有几条证据表明,免疫炎症途径的异常可能导致精神分裂症谱系障碍的病理生理学变化。在这里,我们提出了一个新的理论框架,该框架最初是为重度抑郁症和双相情感障碍开发的,即代偿性免疫调节反射系统(CIRS),适用于精神分裂症及其表型的神经免疫病理生理学,包括首发精神病(FEP)、急性发作、慢性和治疗抵抗性精神分裂症(TRS)、合并抑郁症和缺陷型精神分裂症。这些精神分裂症表型和表现伴随着急性期蛋白产生增加,包括触珠蛋白和α2-巨球蛋白、补体因子和巨噬细胞 M1(IL-1β、IL-6 和 TNF-α)、Th1(干扰素-γ 和 IL-2R)、Th2(IL-4、IL-5)、Th17(IL-17)和 T 调节(Treg;IL-10 和转化生长因子(TGF)-β1)细胞因子、细胞因子诱导的色氨酸分解代谢物(TRYCAT)途径的激活以及趋化因子,包括 CCL-11(嗜酸性粒细胞趋化因子)、CCL-2、CCL-3 和 CXCL-8。
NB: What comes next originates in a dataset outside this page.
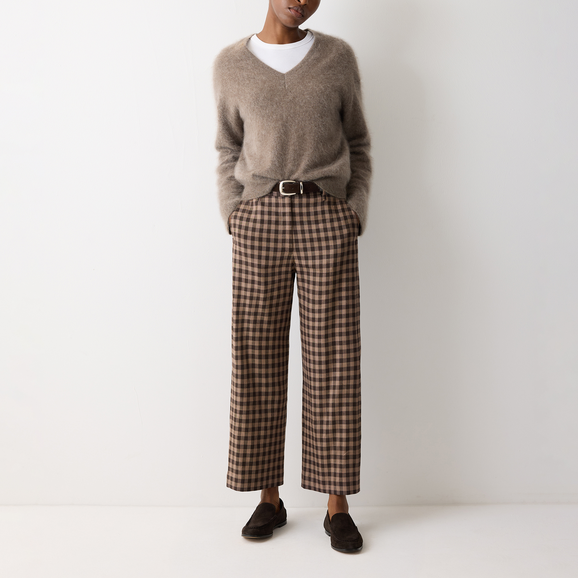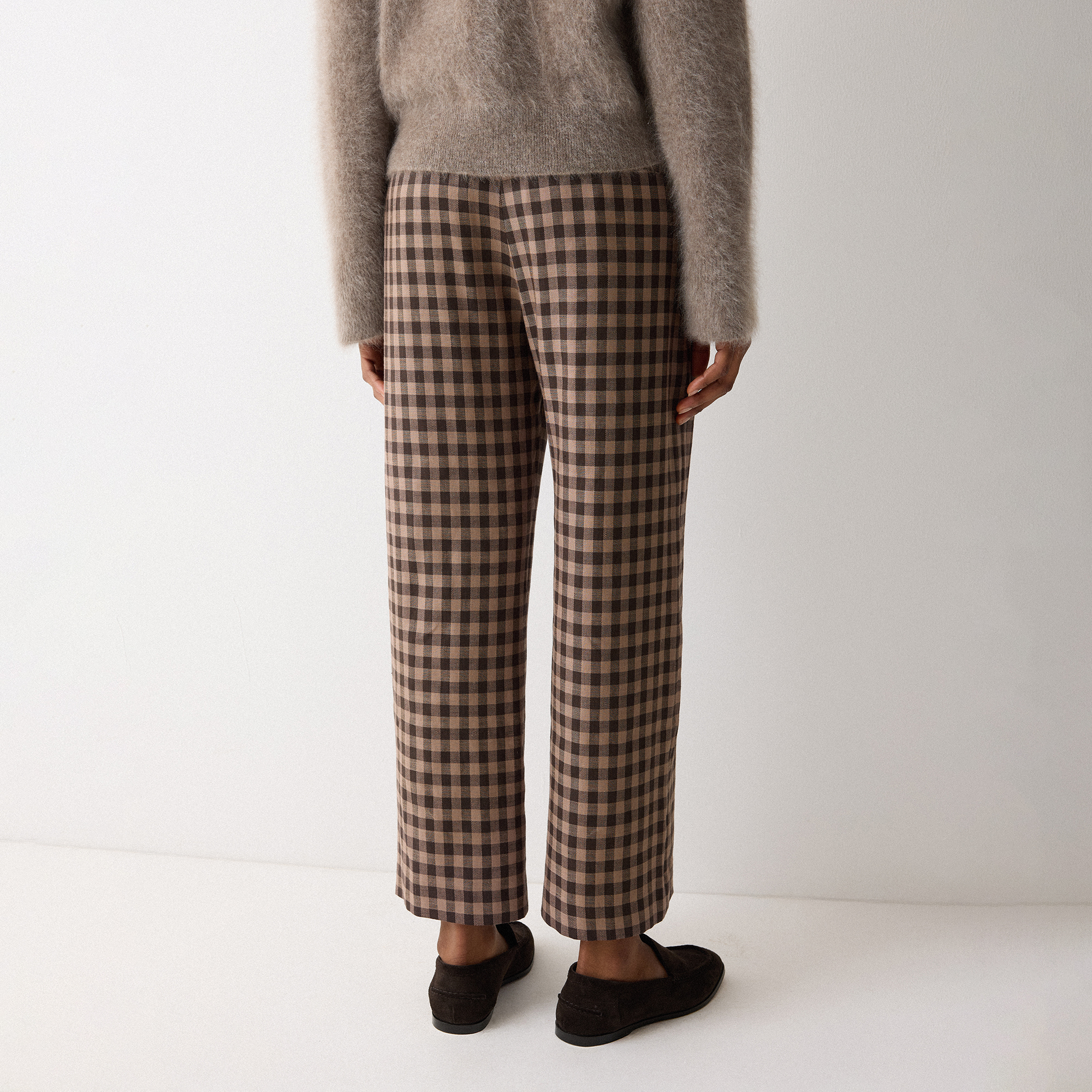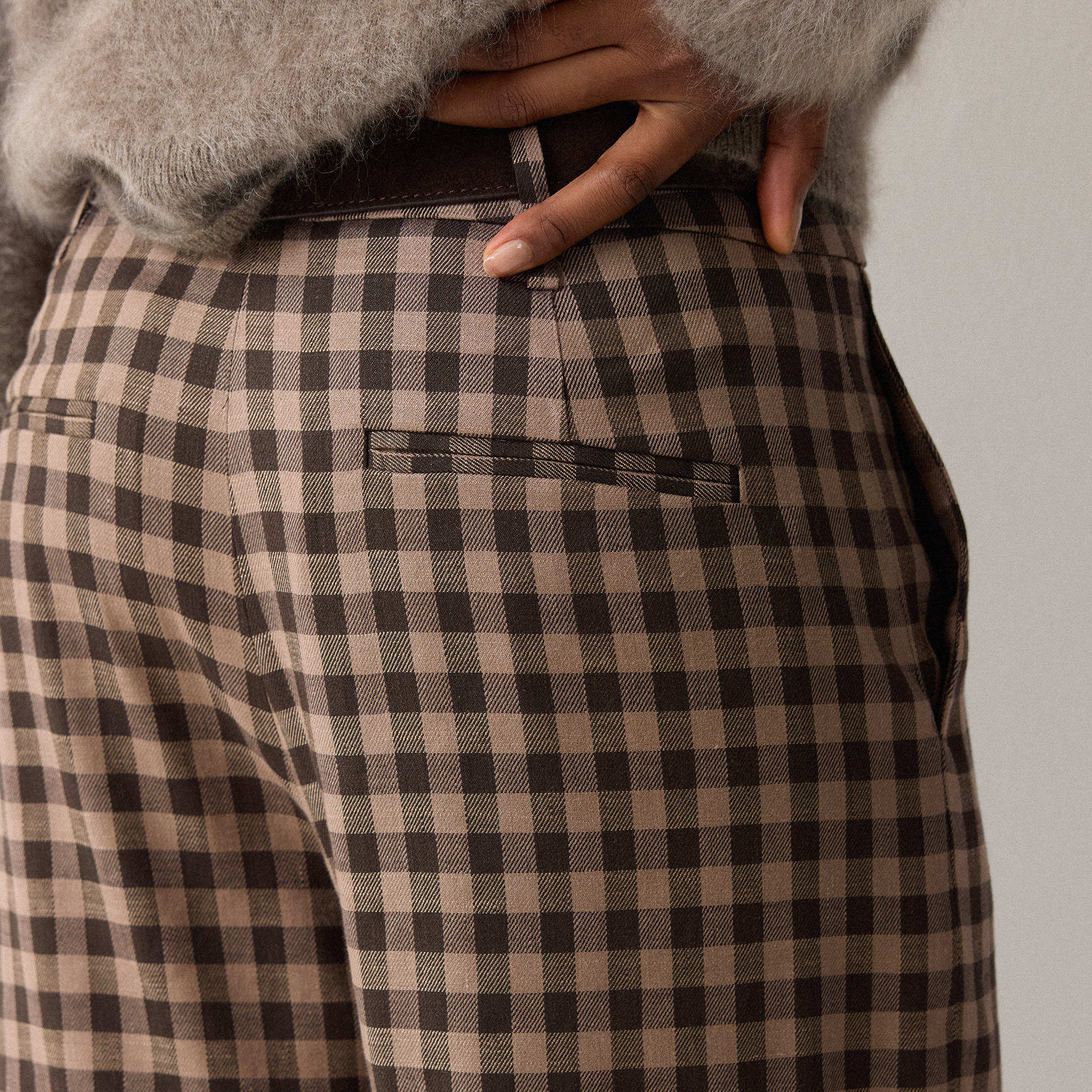 - Straight leg, cropped leg, belt loops, hook and bar fastening, classic check pattern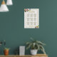 This 9 table Wedding Seating Chart will Make your wedding reception beautiful and help your guests find their assigned tables. Features gold text on a white background with a gold offset squares border and a beautiful spring pastel bouquet of flowers including pink roses, white calla lilies & orchids, and light purple or lavender hydrangea. The text includes the name of the couple and wedding date, and is fully customisable.

虽然不同精神分裂症表型的免疫谱表明免疫炎症反应系统(IRS)的激活,但同时也有 CIRS 激活的迹象,包括白细胞介素-1 受体拮抗剂(sIL-1RA)、sIL-2R 和肿瘤坏死因子-α受体水平升高,Th2 和 Treg 表型中 IL-4 和 IL-10 产生增加,以及 TRYCATs 和触珠蛋白、α2-巨球蛋白和其他急性期反应物水平升高,具有免疫调节和抗炎作用。TRS、慢性和缺陷型精神分裂症中也检测到 IRS 和 CIRS 途径的激活迹象,表明这些情况伴随着 IRS 和 CIRS 成分上调的新的体内平衡设定点。在 FEP 中,基础 CIRS 活性增加是一种保护因素,可能预示着良好的临床结局。此外,CIRS 的损伤与缺陷型精神分裂症和语义和情景记忆的更大损伤有关。结论是,CIRS 通过负调节主要 IRS 在精神分裂症的病理生理学中发挥关键作用,并有助于从疾病的急性期恢复。因此,CIRS 的成分可能为精神分裂症提供有希望的治疗靶点。